# Data excerpt
※ ※ ※
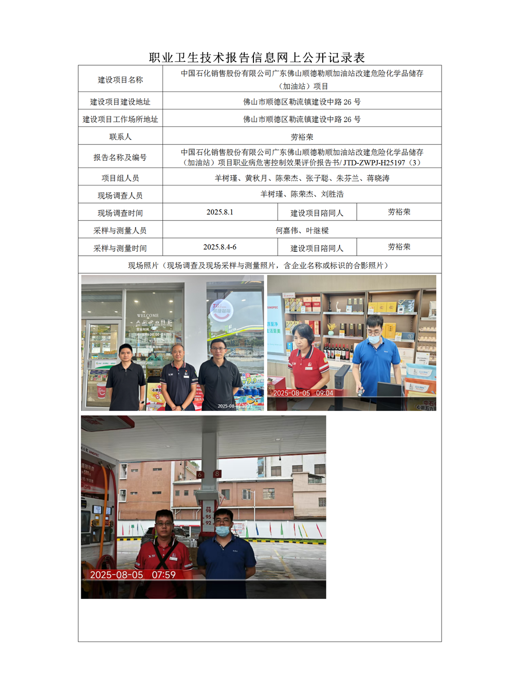 职业卫生-H25197(3)中国石化销售股份有限公司广东佛山顺德勒顺加油站改建危险化学品储存(加油站)项目控制效果评价公示( 2025.9.29)
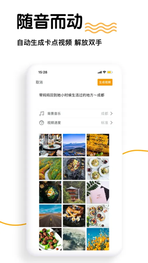 批量倒入照片,选中喜爱的音乐,一键生成喜欢的音乐故事集。极致简单
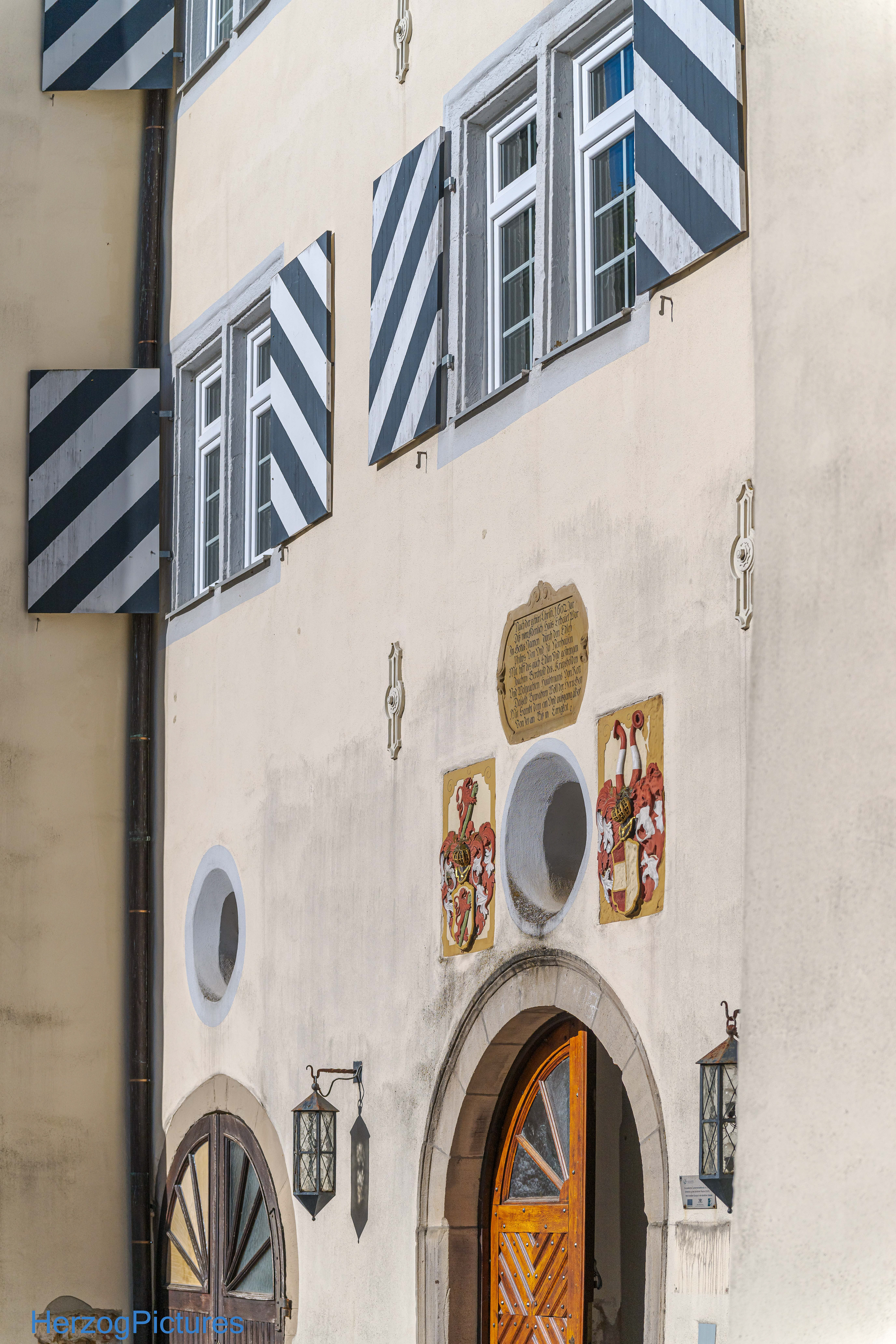 Ihre Wappen sind am Haupteingang (Ostseite) als Relief erhalten.
※ ※ ※
# Directions for this task
Excluding pictures, print all lines above exactly.

# Your response
 职业卫生-H25197(3)中国石化销售股份有限公司广东佛山顺德勒顺加油站改建危险化学品储存(加油站)项目控制效果评价公示( 2025.9.29)
 批量倒入照片,选中喜爱的音乐,一键生成喜欢的音乐故事集。极致简单
 Ihre Wappen sind am Haupteingang (Ostseite) als Relief erhalten.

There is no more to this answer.